WORK TASK.
Look in the listing below for the line that has "Foto van niet", then return it and each following line up to and including the one with "出八宿翻越安久拉山抵達美麗的", exactly and without pictures.

ENTRIES SHOWN.
◇ ◇ ◇

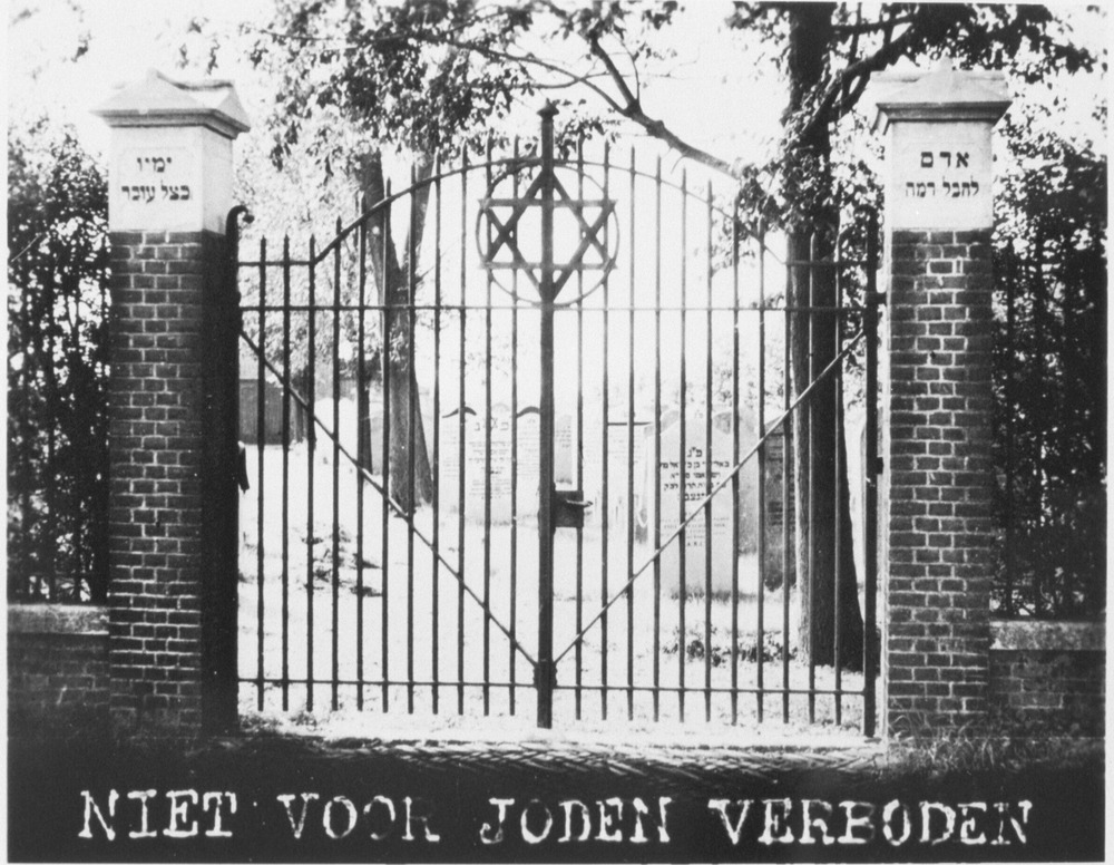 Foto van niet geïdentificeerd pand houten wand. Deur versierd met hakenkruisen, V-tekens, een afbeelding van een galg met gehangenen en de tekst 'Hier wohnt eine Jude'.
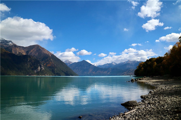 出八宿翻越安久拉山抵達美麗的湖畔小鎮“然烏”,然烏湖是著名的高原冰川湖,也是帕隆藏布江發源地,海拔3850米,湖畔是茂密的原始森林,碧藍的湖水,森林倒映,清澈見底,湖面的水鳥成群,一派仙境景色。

◇ ◇ ◇

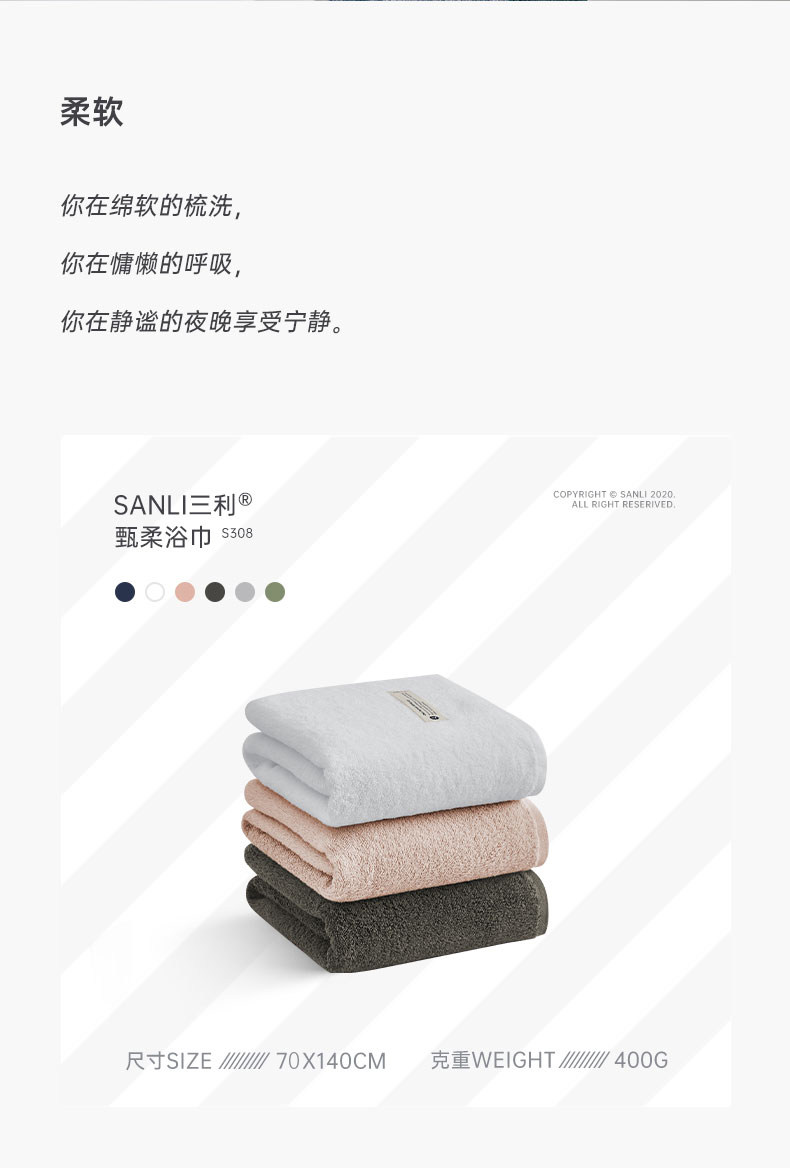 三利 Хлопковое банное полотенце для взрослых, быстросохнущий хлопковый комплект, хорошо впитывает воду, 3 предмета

◇ ◇ ◇

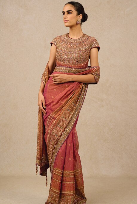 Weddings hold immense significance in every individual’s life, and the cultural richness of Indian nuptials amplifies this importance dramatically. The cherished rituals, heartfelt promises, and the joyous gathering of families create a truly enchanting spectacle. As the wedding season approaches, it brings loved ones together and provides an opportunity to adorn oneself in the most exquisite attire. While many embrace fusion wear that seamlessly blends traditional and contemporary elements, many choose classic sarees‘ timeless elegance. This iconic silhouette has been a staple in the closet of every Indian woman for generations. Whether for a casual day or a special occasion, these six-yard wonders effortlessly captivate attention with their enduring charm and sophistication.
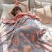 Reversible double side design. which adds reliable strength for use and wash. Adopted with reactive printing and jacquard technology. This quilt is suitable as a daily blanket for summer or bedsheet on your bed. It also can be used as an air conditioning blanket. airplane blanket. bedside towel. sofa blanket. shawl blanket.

◇ ◇ ◇

REPLY TO THE TASK.
 Foto van niet geïdentificeerd pand houten wand. Deur versierd met hakenkruisen, V-tekens, een afbeelding van een galg met gehangenen en de tekst 'Hier wohnt eine Jude'.
 出八宿翻越安久拉山抵達美麗的湖畔小鎮“然烏”,然烏湖是著名的高原冰川湖,也是帕隆藏布江發源地,海拔3850米,湖畔是茂密的原始森林,碧藍的湖水,森林倒映,清澈見底,湖面的水鳥成群,一派仙境景色。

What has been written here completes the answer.